Work task → Go to the line with "然后经过RNN预训练——RN" in the material below and copy from there through the line with "[Velvety fur and", exactly. Pictures are not copied.

Supplied records →
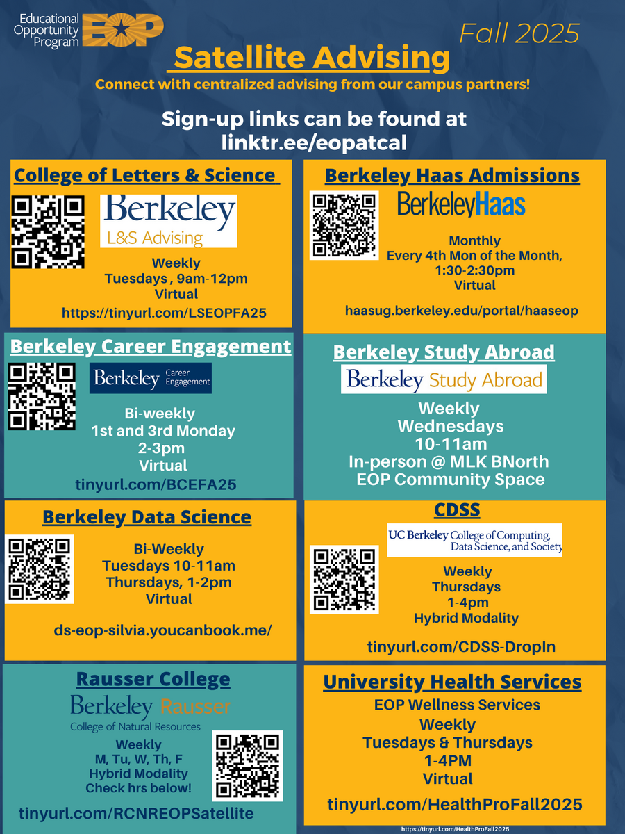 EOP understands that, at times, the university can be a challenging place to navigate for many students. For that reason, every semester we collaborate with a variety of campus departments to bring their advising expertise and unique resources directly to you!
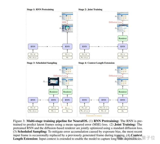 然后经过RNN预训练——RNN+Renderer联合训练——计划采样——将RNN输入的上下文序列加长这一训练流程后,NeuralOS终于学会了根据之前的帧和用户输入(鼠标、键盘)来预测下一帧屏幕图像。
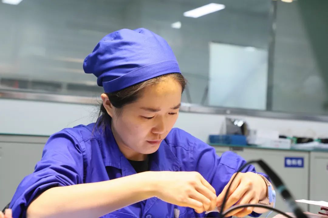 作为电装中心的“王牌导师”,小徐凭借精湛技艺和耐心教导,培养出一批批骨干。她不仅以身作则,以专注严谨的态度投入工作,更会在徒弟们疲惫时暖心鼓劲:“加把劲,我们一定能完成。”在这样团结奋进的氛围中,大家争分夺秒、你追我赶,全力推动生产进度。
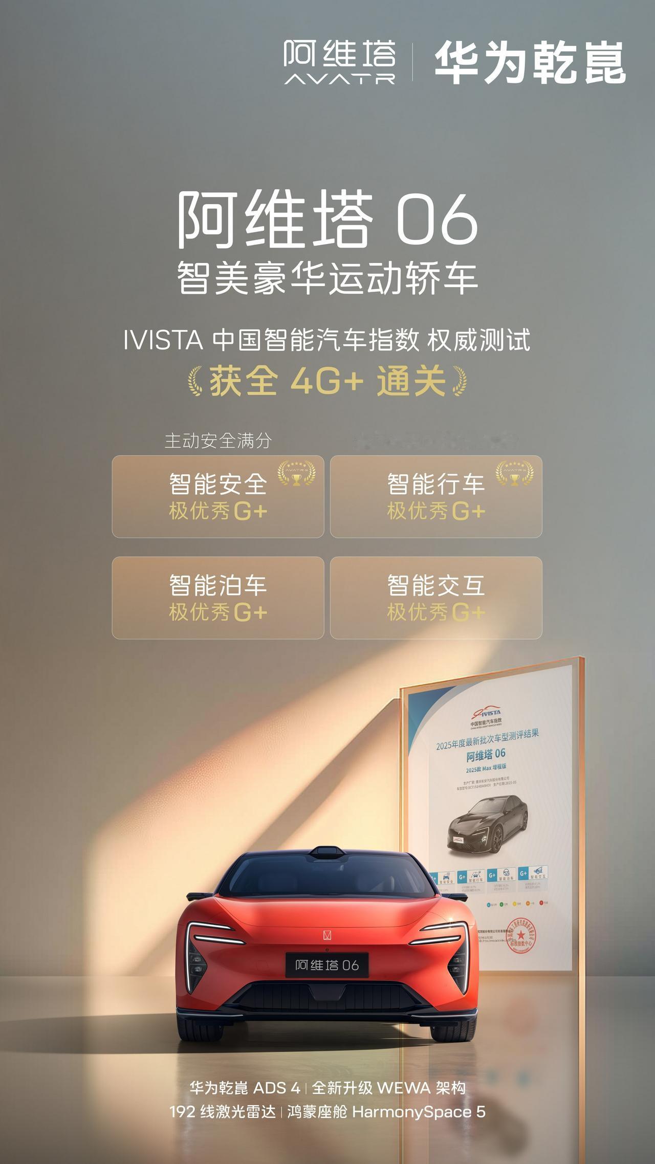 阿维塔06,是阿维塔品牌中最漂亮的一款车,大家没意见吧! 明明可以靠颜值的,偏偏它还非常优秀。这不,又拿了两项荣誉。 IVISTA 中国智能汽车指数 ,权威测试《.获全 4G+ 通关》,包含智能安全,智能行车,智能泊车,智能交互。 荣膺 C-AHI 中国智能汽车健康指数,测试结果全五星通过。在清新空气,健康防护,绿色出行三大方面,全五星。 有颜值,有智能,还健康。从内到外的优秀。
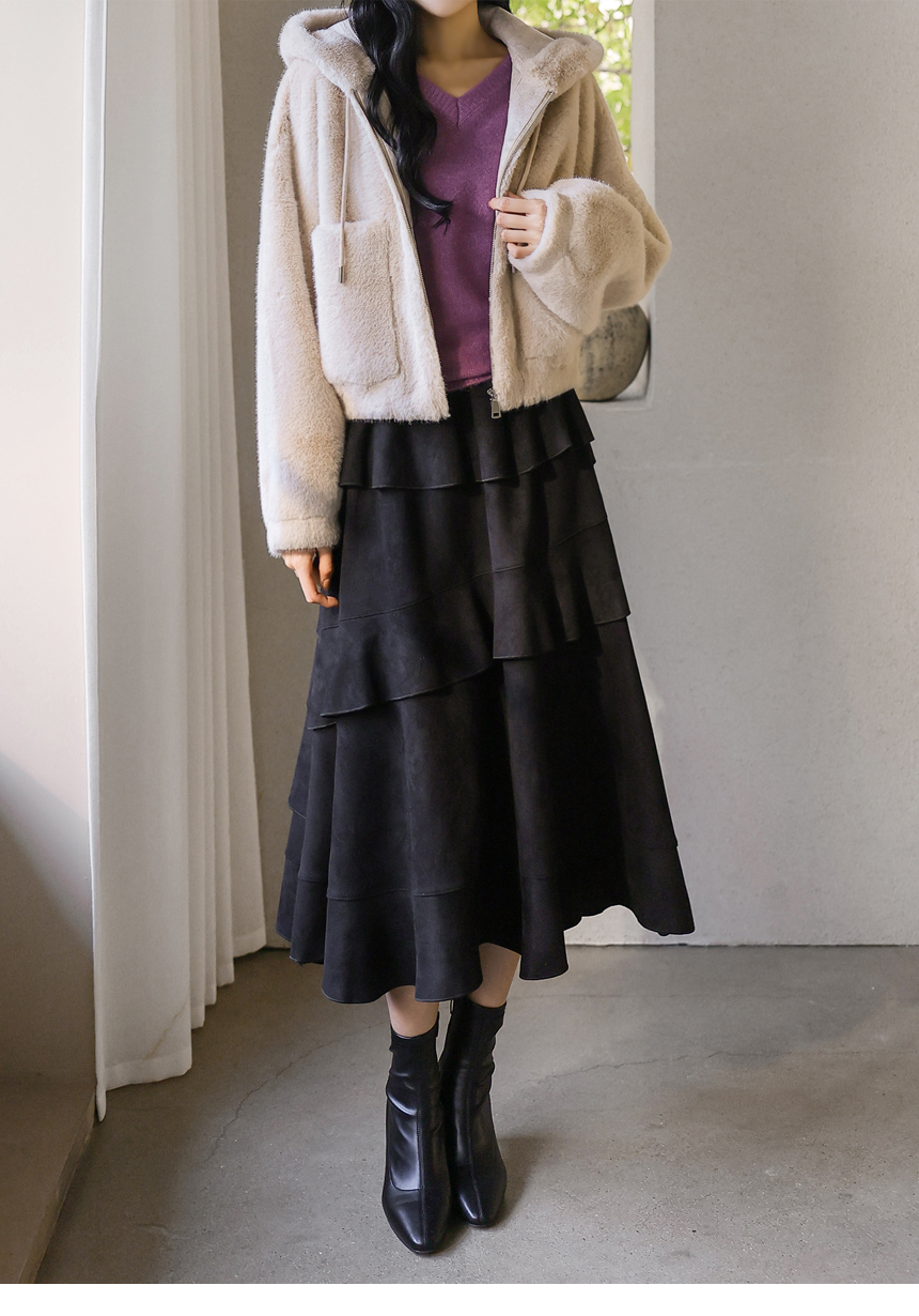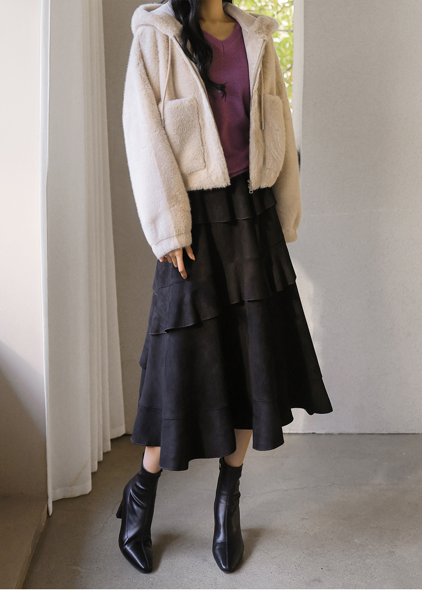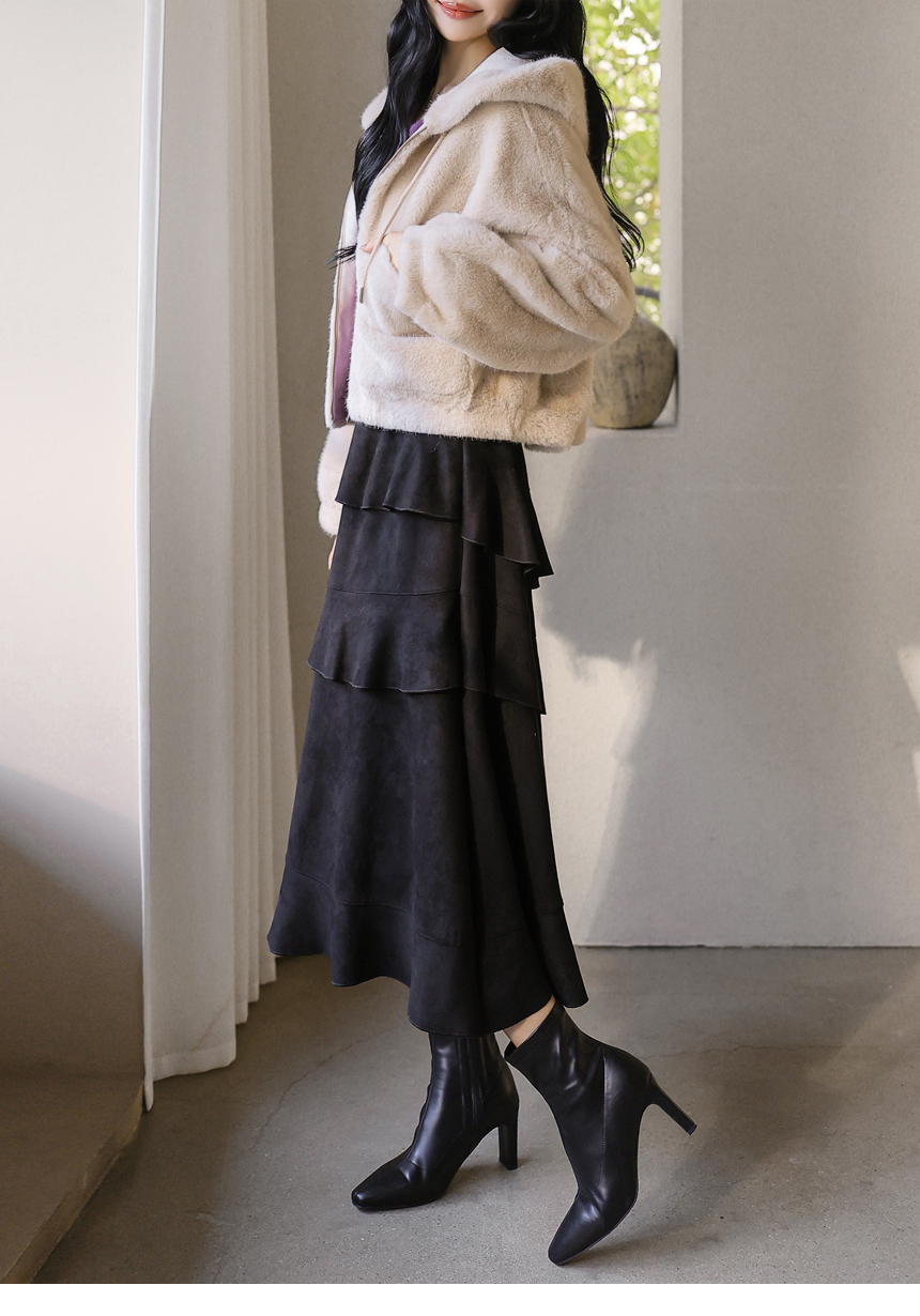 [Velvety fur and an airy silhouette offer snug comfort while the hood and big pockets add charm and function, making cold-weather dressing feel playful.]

---

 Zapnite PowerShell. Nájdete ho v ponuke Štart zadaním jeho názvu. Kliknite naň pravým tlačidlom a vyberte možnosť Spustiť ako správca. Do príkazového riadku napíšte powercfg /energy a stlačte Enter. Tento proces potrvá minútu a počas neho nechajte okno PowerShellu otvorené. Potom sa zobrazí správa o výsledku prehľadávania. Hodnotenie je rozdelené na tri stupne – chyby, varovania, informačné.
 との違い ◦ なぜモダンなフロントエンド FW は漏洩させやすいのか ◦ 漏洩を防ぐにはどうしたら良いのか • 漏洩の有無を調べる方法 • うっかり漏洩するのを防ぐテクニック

==

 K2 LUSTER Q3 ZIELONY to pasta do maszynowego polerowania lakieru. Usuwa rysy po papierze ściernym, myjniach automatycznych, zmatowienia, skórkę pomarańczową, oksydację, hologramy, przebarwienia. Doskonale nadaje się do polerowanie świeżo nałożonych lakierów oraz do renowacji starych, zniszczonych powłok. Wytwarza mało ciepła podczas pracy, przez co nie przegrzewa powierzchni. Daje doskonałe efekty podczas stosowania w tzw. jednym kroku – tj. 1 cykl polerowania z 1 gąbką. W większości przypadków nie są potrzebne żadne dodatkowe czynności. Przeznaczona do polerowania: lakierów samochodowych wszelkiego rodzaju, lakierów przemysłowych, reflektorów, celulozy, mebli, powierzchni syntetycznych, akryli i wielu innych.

Response →
 然后经过RNN预训练——RNN+Renderer联合训练——计划采样——将RNN输入的上下文序列加长这一训练流程后,NeuralOS终于学会了根据之前的帧和用户输入(鼠标、键盘)来预测下一帧屏幕图像。
 作为电装中心的“王牌导师”,小徐凭借精湛技艺和耐心教导,培养出一批批骨干。她不仅以身作则,以专注严谨的态度投入工作,更会在徒弟们疲惫时暖心鼓劲:“加把劲,我们一定能完成。”在这样团结奋进的氛围中,大家争分夺秒、你追我赶,全力推动生产进度。
 阿维塔06,是阿维塔品牌中最漂亮的一款车,大家没意见吧! 明明可以靠颜值的,偏偏它还非常优秀。这不,又拿了两项荣誉。 IVISTA 中国智能汽车指数 ,权威测试《.获全 4G+ 通关》,包含智能安全,智能行车,智能泊车,智能交互。 荣膺 C-AHI 中国智能汽车健康指数,测试结果全五星通过。在清新空气,健康防护,绿色出行三大方面,全五星。 有颜值,有智能,还健康。从内到外的优秀。
 [Velvety fur and an airy silhouette offer snug comfort while the hood and big pockets add charm and function, making cold-weather dressing feel playful.]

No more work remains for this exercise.